[[ EXTRACTED ENTRIES, beginning ]]

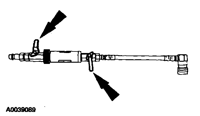 8. Remove the fluorescent dye injector from the low-pressure service gauge port valve and the R-134a A/C refrigerant service center or manifold gauge set.
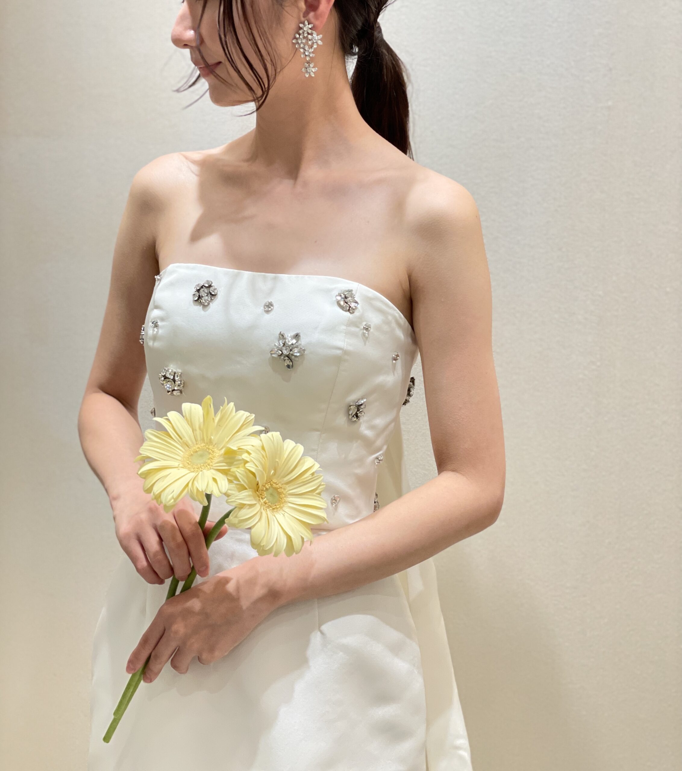 アムサーラの最大の魅力でもあるタイムレスな美しさが表現されたスレンダーラインのトップスに煌めく大粒のビジューが目を引く1着。バックトレーンは歩みを進めると背中から颯爽と流れるようにデザインされ、スレンダーラインのドレスをより華やかでスタイリッシュな印象にしてくれます。そんな都会的なウェディングドレスに合わせるスタイリングは緩く巻いた前髪に低めのポニーテールでエフォートレスな雰囲気に。イヤリングは柔らかさも演出していただけるように小花がまとまったシンプルなデザインでコーディネート。20年後も写真を見返して美しいと思えるシンプルなコーディネートだからこそ、ドレスと花嫁が創り出すドラマティックさを最大化していただけます。軽やかで爽やかな生地に淡い色味のお花を合わせることでスタイリッシュな中に優しく柔らかい雰囲気がプラスされ、親しいゲストの方とアットホームにお過ごしいただくドレスとしても、おすすめです。
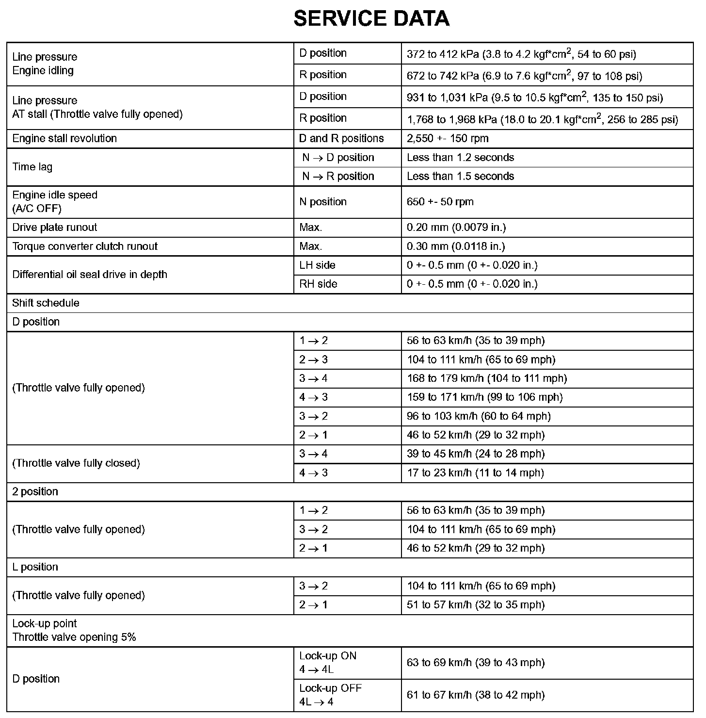 Automatic Transaxle-Service Data:
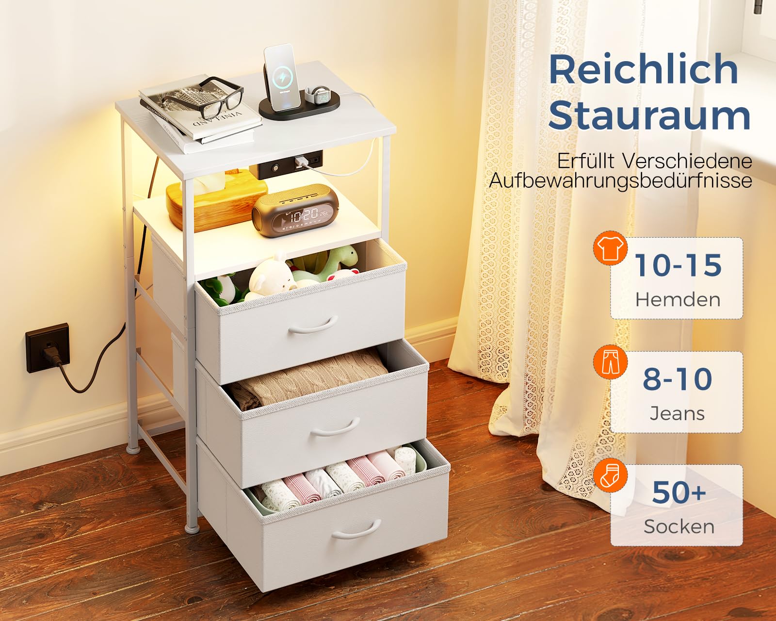 Die intelligente Aufteilung des Stauraums hilft Ihnen, Ordnung zu halten. Häufig genutzte Gegenstände wie Bücher oder der Wecker finden im offenen Fach Platz, während persönliche Dinge in den drei Stoffschubladen sichtgeschützt und leise verstaut werden können.
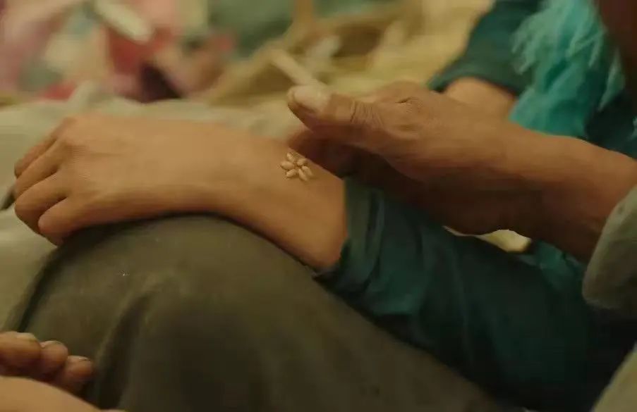 收了麦子,老四用麦粒在贵英手腕上摁下一朵麦粒花:“我给你种了个花,做了个记号,你跑到哪里就都丢不掉了。”

[[ EXTRACTED ENTRIES, end ]]

TRY IT>
Skip the pictures and output all entries exactly.

OUTPUT OF THE TASK>
 8. Remove the fluorescent dye injector from the low-pressure service gauge port valve and the R-134a A/C refrigerant service center or manifold gauge set.
 アムサーラの最大の魅力でもあるタイムレスな美しさが表現されたスレンダーラインのトップスに煌めく大粒のビジューが目を引く1着。バックトレーンは歩みを進めると背中から颯爽と流れるようにデザインされ、スレンダーラインのドレスをより華やかでスタイリッシュな印象にしてくれます。そんな都会的なウェディングドレスに合わせるスタイリングは緩く巻いた前髪に低めのポニーテールでエフォートレスな雰囲気に。イヤリングは柔らかさも演出していただけるように小花がまとまったシンプルなデザインでコーディネート。20年後も写真を見返して美しいと思えるシンプルなコーディネートだからこそ、ドレスと花嫁が創り出すドラマティックさを最大化していただけます。軽やかで爽やかな生地に淡い色味のお花を合わせることでスタイリッシュな中に優しく柔らかい雰囲気がプラスされ、親しいゲストの方とアットホームにお過ごしいただくドレスとしても、おすすめです。
 Automatic Transaxle-Service Data:
 Die intelligente Aufteilung des Stauraums hilft Ihnen, Ordnung zu halten. Häufig genutzte Gegenstände wie Bücher oder der Wecker finden im offenen Fach Platz, während persönliche Dinge in den drei Stoffschubladen sichtgeschützt und leise verstaut werden können.
 收了麦子,老四用麦粒在贵英手腕上摁下一朵麦粒花:“我给你种了个花,做了个记号,你跑到哪里就都丢不掉了。”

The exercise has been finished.